Since no preceding word exists, there is no choice but to determine the word “How” itself as an adverb. However, the word “are” may be subordinate to “How” and the word “you” may be subordinate to “How are”. Since the word “You” follows “adverb+verb,” it is a highly probable word to be used as a noun, which may be learned from the dialog pair data compiled with parent text and child texts. That is to say, when a text “how+are+you” (121) composed of adverb(R)+verb(V)+noun(N) appears, it is possible to predict a word and a part of speech (POS) following the text 121. For example, a word “thanks” has a very slim probability of occurring following “how+are+you” and is assigned with a low score.

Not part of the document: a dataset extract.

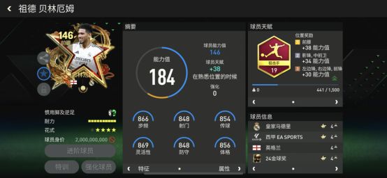 贝林厄姆 贝林厄姆在去年加盟皇家马德里后是球队当之无愧的关键先生,他多次终场前打入绝杀或绝平进球,帮助皇马在联赛和欧冠双线保持竞争力并夺得冠军。而在今年夏天的欧洲杯中,贝林厄姆也率领英格兰队取得了亚军的成绩,与冠军和金球奖失之交臂。年轻的贝林厄姆志在传承皇马的5号球衣,成为银河战舰的传奇人物。 在游戏中,本张24金球奖甄选球员贝林厄姆能力值达到了146,配备狙击手天赋,他的加速、射门、远射、抢点
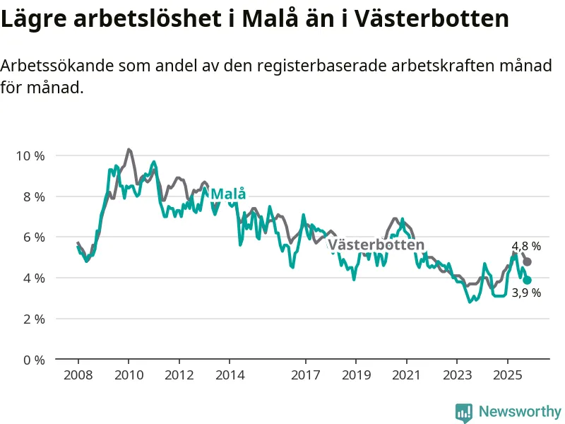 Under oktober månad rapporterade Malå kommun en total arbetslöshet på 3,9 procent. Det är en ökning jämfört med samma tidpunkt i fjol (+0,8 procentenheter). Även i Västerbottens län stiger arbetslösheten .

The ranking unit 150 may perform scoring on each cluster and/or each text to deduce recommended reply suitable to the received message using probabilities calculated by the text structure and variety of data and methods, including cluster size, frequency of occurrence of similar texts, frequency of occurrence of related texts in the collected dialog pair data.

The texts assigned with scores by the ranking unit 150 and determined to have scores higher than or equal to a preset score may be deduced as recommended replies.

In addition, among the texts assigned with scores by the ranking unit 150, a predetermined number of texts assigned with scores in a descending order may also be deduced as recommended replies.

Moreover, among the texts assigned with scores by the ranking unit 150 and determined to have scores higher than or equal to a preset score, as many texts as a predetermined number of texts assigned with scores in a descending order may also be deduced as recommended replies.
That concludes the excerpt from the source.